Wall Street firms are starting to bet on an end to the profit-eroding boredom in credit markets by building their trading desks.
Nomura Holdings Inc. (8604) has added 10 to its U.S. corporate debt team this year, an increase of about 10%, and plans to expand further, according to Michael Guarnieri, the bank’s global head of credit products in New York. The latest hires are high-yield debt traders Daniel Frommer and James Incognito, who joined this month.
Debt trading hasn’t been what it was before the 2008 crisis from a profit point of view for two main reasons: New rules have reduced the wagers banks can make with their own money, and near record-low yields are eroding returns. But with interest rates forecast to finally go up sometime soon, it’s poised to become more lucrative.

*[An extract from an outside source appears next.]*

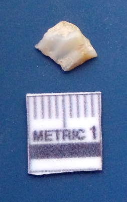 | Description / विवरण | It is chalcedony flake, translucent in appearance. The piece shows sharp pointed ends and flake scars on the surface as a result of flaking. The piece shows a bulb of percussion. |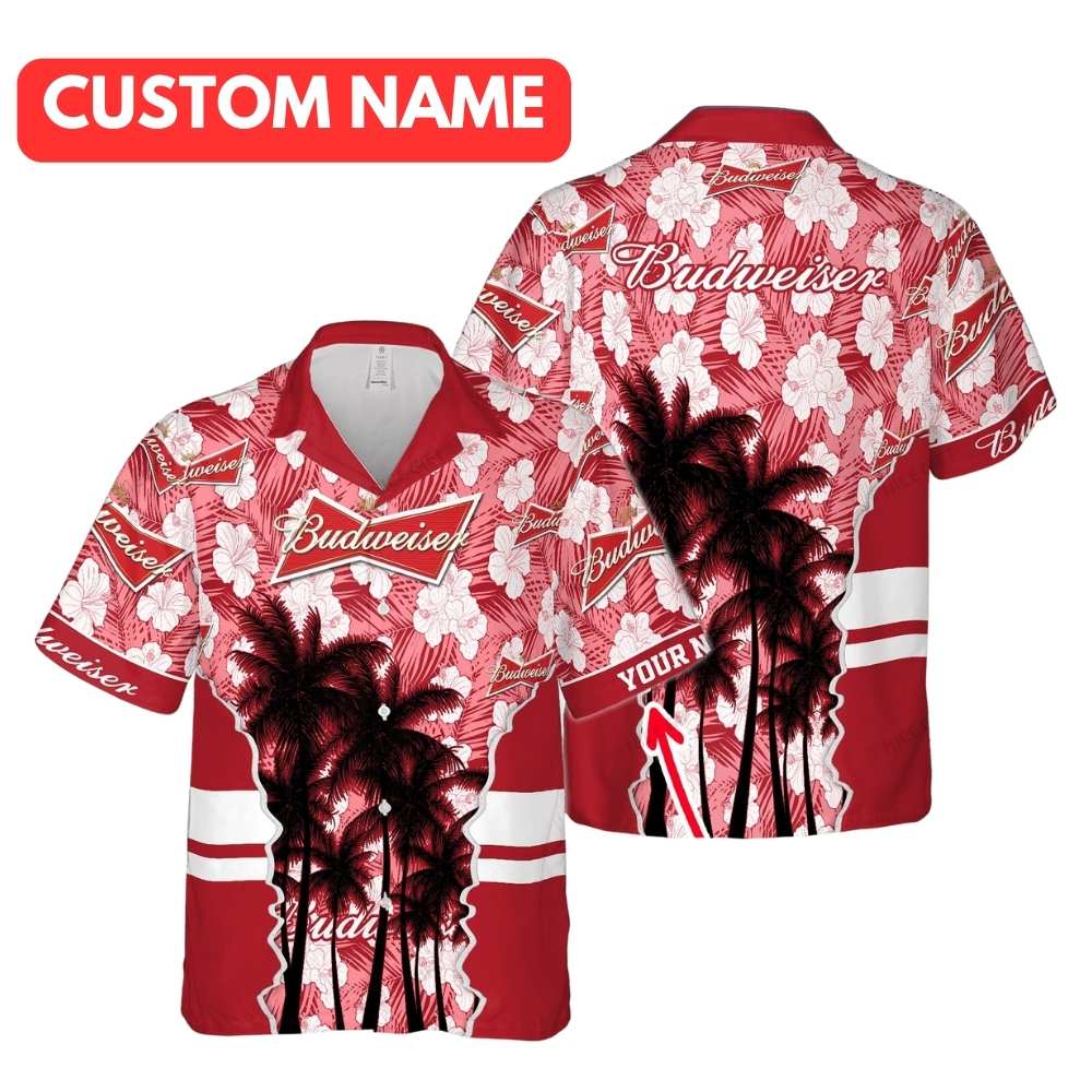 Stand out in style with this personalized Budweiser floral flower and coconuts Hawaiian shirt. Perfect for adding a unique touch to your wardrobe.

“Volatility and the so-called tail risks always sneak up on you and are always something you don’t think is coming,” Guarnieri said today in a phone interview. “We’re not blind to the fact that volumes are low, but we are investing over the long term.”
Others are trying the same tack. Deutsche Bank AG (DBK) just raised $11 billion in capital in part to bolster its debt-trading business, after earlier this month announcing four new members for its credit unit. Guggenheim Securities LLC this year hired a corporate-debt team from Lazard Capital Markets.

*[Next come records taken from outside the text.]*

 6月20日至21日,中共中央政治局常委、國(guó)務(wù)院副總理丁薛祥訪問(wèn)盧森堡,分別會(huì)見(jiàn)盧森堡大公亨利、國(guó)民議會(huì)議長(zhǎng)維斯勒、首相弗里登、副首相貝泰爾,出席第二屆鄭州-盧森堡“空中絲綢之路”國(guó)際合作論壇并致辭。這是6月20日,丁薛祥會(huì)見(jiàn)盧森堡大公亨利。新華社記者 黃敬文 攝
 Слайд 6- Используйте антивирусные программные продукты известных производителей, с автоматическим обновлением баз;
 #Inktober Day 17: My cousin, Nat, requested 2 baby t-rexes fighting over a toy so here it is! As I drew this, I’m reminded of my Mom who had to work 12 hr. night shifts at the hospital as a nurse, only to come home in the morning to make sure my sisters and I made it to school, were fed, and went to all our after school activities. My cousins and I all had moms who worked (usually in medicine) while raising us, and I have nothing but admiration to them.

When the Federal Reserve starts raising benchmark rates as soon as next year, corporate-bond yields figure to move higher with them. The current 3.6% average yield on corporate debt is about 2 percentage points below the norm over the past decade, according to Bank of America Merrill Lynch index data.
Here’s why more volatility may translate into bigger profits for banks: Investors will probably pull money from bond funds as prices fall, leading managers to sell securities to come up with the cash. In that scenario, brokers stand to earn bigger commissions because there’s usually greater risk — and potential reward — involved in an unstable market.